Myself and a couple of buddies would rent a small motor boat from a place at Willoughby Spit and fish over the tunnels. I recently drove over the bridge leading to the tunnels and glanced over at the Spit and there was nothing there but a pile of rubble. I heard a developer bought the area and is going to build condos on that spots. 
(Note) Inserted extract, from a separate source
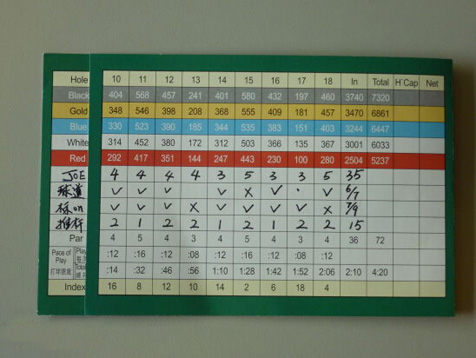 如果将每场球的杆数记下来,这很好。但还不够!应该把每场球的开球成功率,标准杆上果岭率,推杆数等都记下来,找出需要提高的地方,努力改善。如果去上高尔夫课程,应该把课程要点,还有理解和感受都记下来。把这些记在一个小册子,经常翻看,这样就能发现规律,找到需要努力的地方。
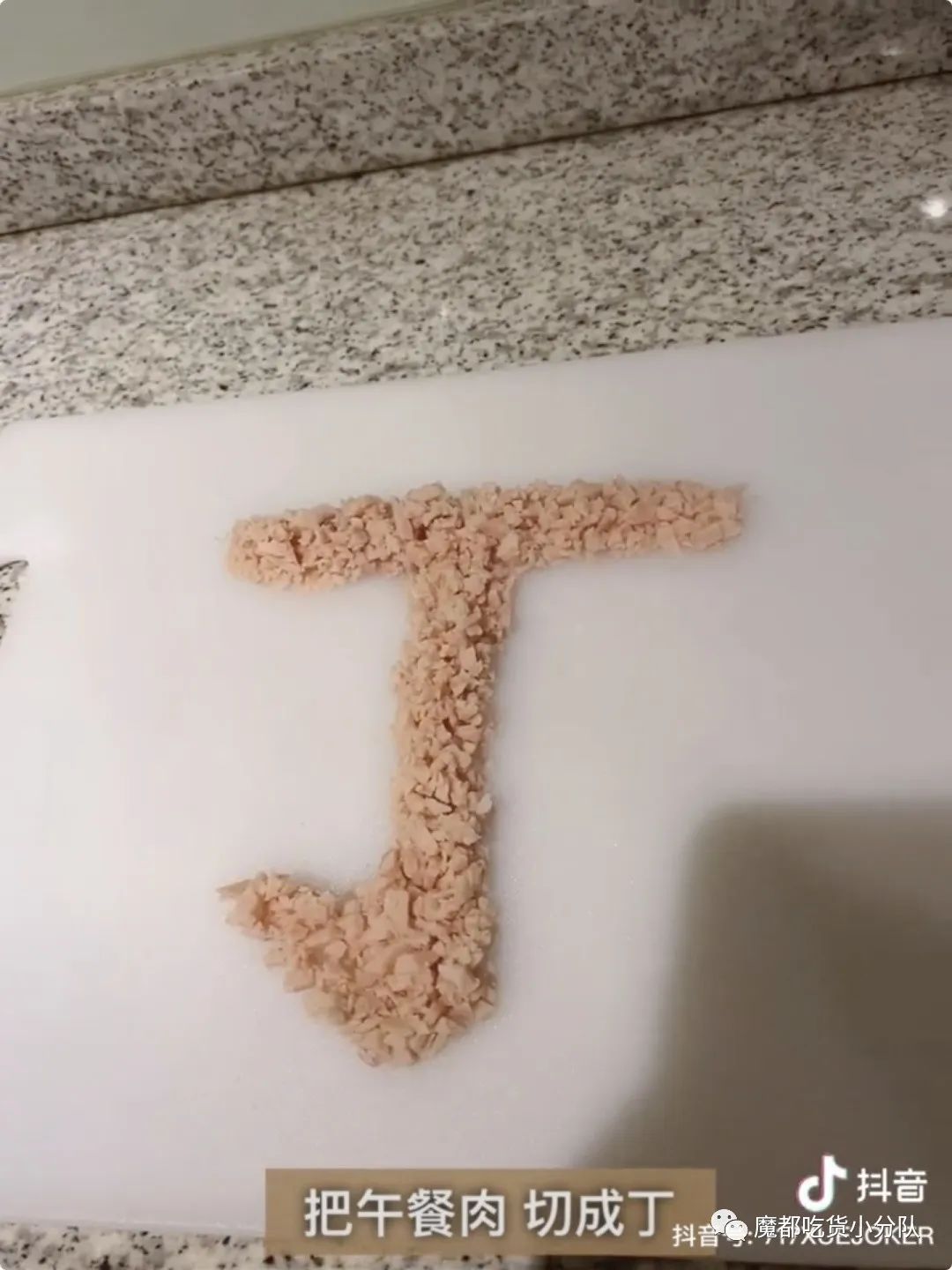 2⃣️倒油热锅,放入米饭、午餐肉、葱,可以挑一些最干的葡萄干,来增加咀嚼时的难度

Is there another place I can rent a small motor boat from for a reasonable price in the area?


----------



## rattler (Jul 3, 2004)

not that i know of...sorry, i'd like to rent one myself...


----------



## RACN35 (Oct 17, 2004)

nope- are you military by chance ? MWR has brand new bay boats -


----------



## BIGMAX (Apr 4, 2006)

This is the crappiest area to try and rent a boat in. Go to the keys and small boat rental is everywhere. Rentals are available at Wachapreague, but does not seem to interest any businessmen in our area. Could be a good business for somebody. Probably the insurance that kills the idea. 

BIGMAX


----------



## KICKNBASS (Jan 18, 2006)

*Lynnhaven Seafood*

Rents Carolina Skiff 17's WIth honda 4 strokes. They also rent rods. I don't know how much it cost but I know its only for 4 hours per rental. I also heard that someone is getting ready to start renting boats out of little creek.


----------